The chemicals were obtained from commercial sources and used as received. Water was twice distilled and passed through a Millipore apparatus. All solvents (spectroscopic or equivalent grade) were used without further purification.

2.1 pH sensor Ir52.1.1 Synthesis and characterization

General comments. NMR of newly synthesized starting materials (dimeric iridium complexes Ir1 and Ir2 as well as pH-sensitive N^N ligand L1, see Scheme S2) and target complex Ir5 are shown in Figures S1-S5 in Supplementary Information file. HR ESI+ mass-spectrum of pH sensor Ir5 is shown in Figure S6 in Supplementary Information file.
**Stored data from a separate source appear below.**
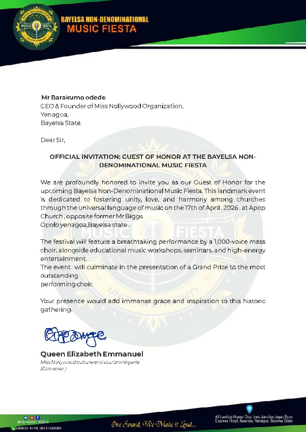 The Chief Executive Officer of TVAFRICA24, Mr. Barakumo Odede, has been officially invited as Special Guest of Honour at the forthcoming Bayelsa Non-Denominational Music Fiesta, a major faith-based cultural event aimed at promoting unity among churches.
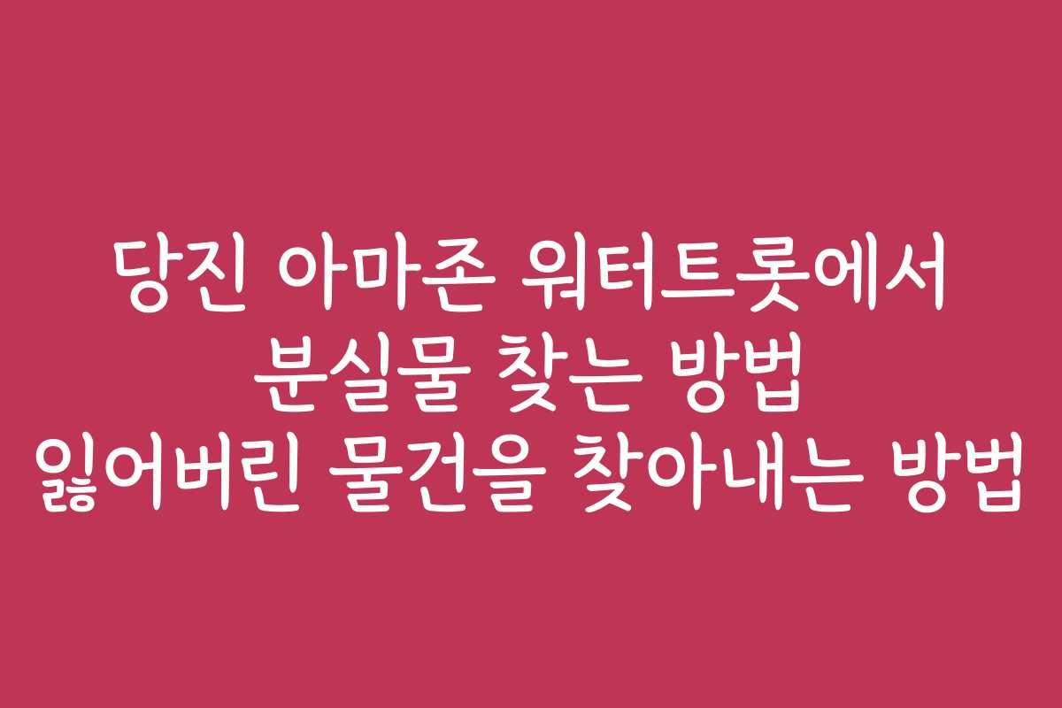 당진 아마존 워터트롯에서 잃어버릴 수 있는 물건에 따라 대응 방법이 달라질 수 있습니다. 주의할 점과 해결 방법을 알아보도록 하겠습니다.
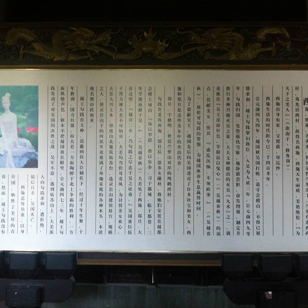据说西施殿几经重建,现在的纪念馆是新建的,房子的屋檐构建,都来自民间采集,虽然没有一丝古代遗留的痕迹,不过整个园子构造精巧,历史人物塑造的栩栩如生。苎萝山不高,沿山碑廊,登高亭台,纪念画展长廊,仿古村落,一圈下来,三四十分钟的样子,最好请导游陪同解说,这样更精彩些,我运气好,蹭着一团,听了不少故事。
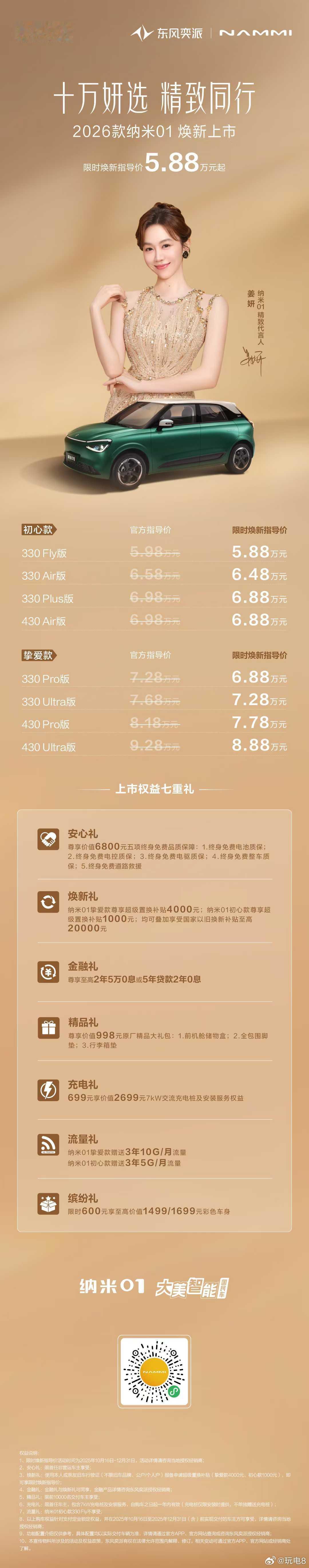 【2026 款东风奕派纳米 01 ,限时 5.88 万起携 280 余项升级而来】

NMR spectra (1D 1H, 2D 1H-1H COSY and NOESY) were recorded on a Bruker 400 MHz Avance; chemical shift values were referenced to the solvent residual signals. Mass spectra were recorded on a Bruker maXis HRMS-ESI-QTOF in the ESI+ mode.

Reagents: 14-amino-10-((2-(2-methoxyethoxy)ethoxy)methyl)-N-(2,5,8,12,15,18-hexaoxanonadecan-10-yl)−13-oxo-2,5,8-trioxa-11-azapentadecan-15-amide trifluoroacetate [DOI: https://doi.org/10.3390/molecules26102898] and 1,10-phenanthroline-5,6-dione [DOI: https://doi.org/10.1134/S1070363219050281] were obtained according to the published procedures. Other solvents and reagents were received form BLD Pharmatech (Shanghai, China), Merck (Darmstadt, Germany), Vekton (St. Petersburg, Russia) and used without additional purification.

Synthesis of iridium dimeric complex Ir1. In a 25 mL round-bottom flask (equipped with condenser) were placed IrCl3·6H2O (100 mg, 0.246 mmol), 2-phenylquinoline-4-carboxylic acid (129 mg, 0.516 mmol), dioxane (9 mL), and distilled water (3 mL). The reaction mixture was stirred under reflux for 24 h. The resulting suspension was centrifuged to provide the precipitate, which was washed with water (1 × 5 mL), methanol (2 × 5 mL), and diethyl ether (1 × 5 mL), and then vacuum-dried. Brown-red solid, 163 mg, yield 92%. 1H NMR (CD3OD, 400 MHz, 323 K, δ): 9.60 (br s, 1H), 8.85 (br m, 1H), 8.68 (br m, 1H), 7.89 (br m, 1H), 7.75 (br m, 2 H), 6.93 (br m, 1H), 6.61 (br m, 1H), 6.16 (br m, 1H).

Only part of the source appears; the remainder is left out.